* [ACTIVITY]
Pictures aside, can you reproduce the records word for word?

* [EXERCISE INPUTS]
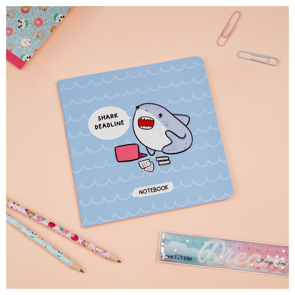 Записная книжка 170*170 мм 40л. на скрепке MESHU "Shark deadline", soft-touch ламинация, выборочный УФ-лак, блок без линовки, 80г/м2
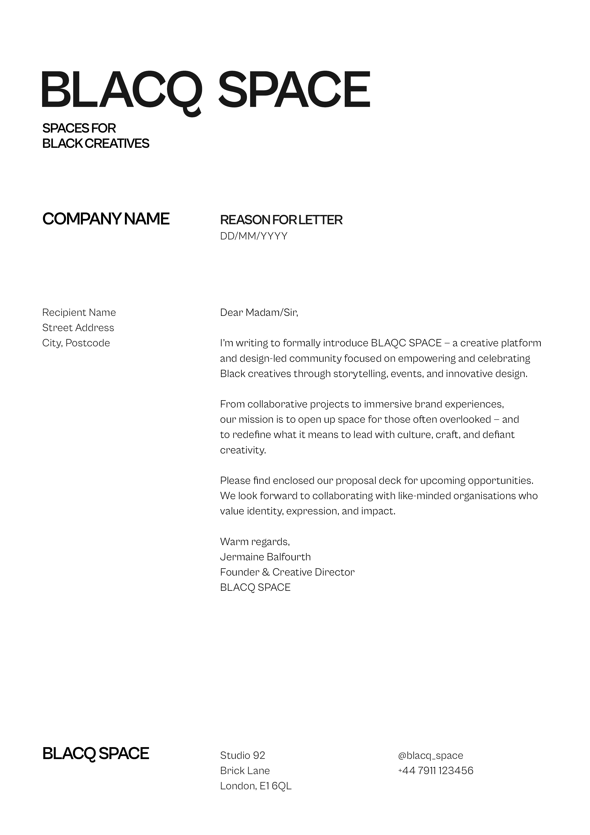 The visual language of Blacq Space is built around tension and balance. Strong typographic weight, minimal colour restraint, and raw compositional layouts work together to create a system that feels assertive but considered. Nothing exists purely for decoration; each element serves clarity, hierarchy, and impact. Blacq Space is built for a youthful Black audience that values visibility, expression, and cultural energy. Vibrancy is intentional, not accidental. However, the visual system is deliberately restrained to ensure the brand can exist beyond expressive moments alone. By controlling colour usage, typographic hierarchy, and composition, the identity remains adaptable across both informal and formal contexts. This balance allows Blacq Space to operate confidently within creative, cultural, and institutional environments without losing its voice. Expression is present, but discipline ensures longevity.
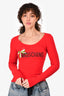 Love Moschino Red Wool Knit 'Love Moschino' Studded Sweater Estimated Size S
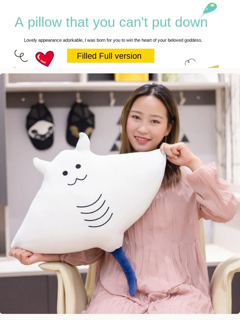 Home Decoration New Fish Pillow Simulation Marine Creature Sea Fish Doll Plush Toy Cushion Large Bat Fish Toy Girls Like Filling
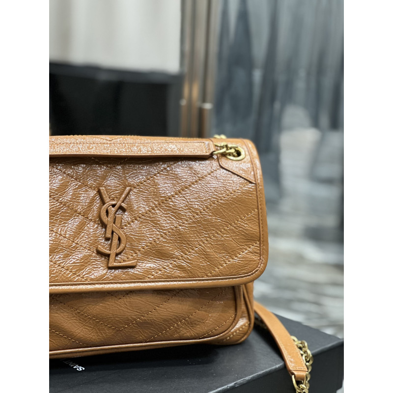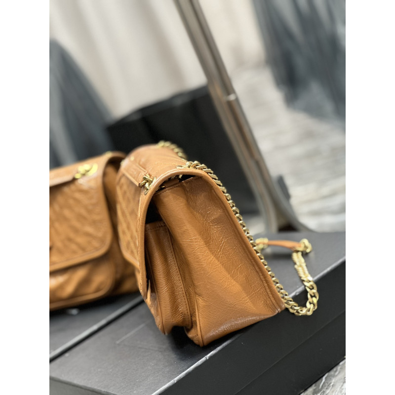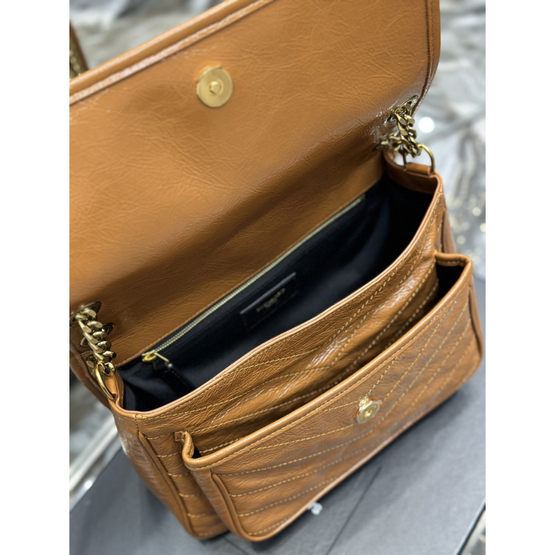 Front flap with magnetic snap closure and signature YSL signature covered in leather. Chain and leather convertible shoulder strap, exterior: a magnetic pocket on the back, interior: 1 main compartment, 1 open pocket, 1 zip pocket, 1 pocket under the flap.
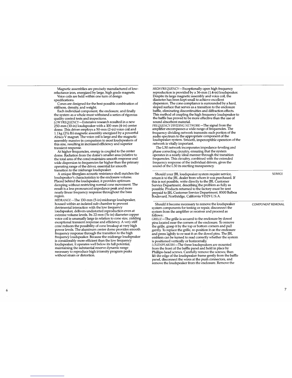 JBL L50 - Service; Component Removal

* [RESPONSE FOR THIS EXERCISE]
 Записная книжка 170*170 мм 40л. на скрепке MESHU "Shark deadline", soft-touch ламинация, выборочный УФ-лак, блок без линовки, 80г/м2
 The visual language of Blacq Space is built around tension and balance. Strong typographic weight, minimal colour restraint, and raw compositional layouts work together to create a system that feels assertive but considered. Nothing exists purely for decoration; each element serves clarity, hierarchy, and impact. Blacq Space is built for a youthful Black audience that values visibility, expression, and cultural energy. Vibrancy is intentional, not accidental. However, the visual system is deliberately restrained to ensure the brand can exist beyond expressive moments alone. By controlling colour usage, typographic hierarchy, and composition, the identity remains adaptable across both informal and formal contexts. This balance allows Blacq Space to operate confidently within creative, cultural, and institutional environments without losing its voice. Expression is present, but discipline ensures longevity.
 Love Moschino Red Wool Knit 'Love Moschino' Studded Sweater Estimated Size S
 Home Decoration New Fish Pillow Simulation Marine Creature Sea Fish Doll Plush Toy Cushion Large Bat Fish Toy Girls Like Filling
 Front flap with magnetic snap closure and signature YSL signature covered in leather. Chain and leather convertible shoulder strap, exterior: a magnetic pocket on the back, interior: 1 main compartment, 1 open pocket, 1 zip pocket, 1 pocket under the flap.
 JBL L50 - Service; Component Removal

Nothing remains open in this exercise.